Are you planning to buy term insurance? Or your customer asks you which is cheaper premium paying term is, then read this it will help
Risk Management is the first step to cover all the financial risks for personal and financial benefits. Term insurance is a key product for cover risk Management and for cross-selling for financial advisors.
There are many types of term insurance available in the current market :
One time payment policy (Single Premium )
limited Premium Payment Policy and Full-time Premium
Regular premium paying policy
So Most of the time we are confused about which premium payment is cheaper to pay.
Among all three paying the regular premium till the term of the policy over the term will be cheaper due to the present value of the future premium to be paid.
It's a simple example of the time value of money and as per time value of money calculation regular premium for the entire policy duration is best for the buyer.

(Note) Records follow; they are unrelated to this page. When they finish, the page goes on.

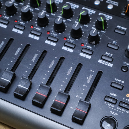 Each track has its own send to a stereo reverb processor as well as two-band shelving EQ. Once you've perfected your mix with the 45mm faders, pan knobs, reverb and EQ, record it to the dedicated stereo master track. Your mix can be processed with mastering effects like EQ and limiting for a tight, modern sound. When you're satisfied, transfer your mix to a computer over USB 2.0 or burn an audio CD.
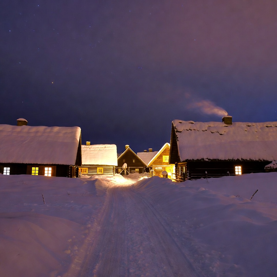 Nordic cabins, cabin cluster, chimney smoke, chimneys smoking, frosty night, frozen village, glowing windows, illuminated houses, log cabins, night sky, purple sky, rural winter, snow path, snow scene, snow-covered roofs, snowy village, starry sky, stars, warm lights, windows glowing, winter landscape, winter night, wooden architecture, wooden houses, snowy cabins
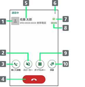 通話中は、アイコンをタップすることにより、次の機能が利用できます。

Want to How just solve this example
Mr, Kishan asked for various premium options for term insurance. His details are age 35 Year Term of the Policy 35 Yrs Sum Assured 50 Lacs.
He got these premiums for different payment terms
10 Yrs Premium Payment 15,300
35 yrs Premium Payment 8,000
Hint for Calculations:
1. first You can calculate the total premium of each option.
2. Now you have to calculate the present value of each premium on 5 %.
3. Premium which has the lesser present value will be a cheaper premium.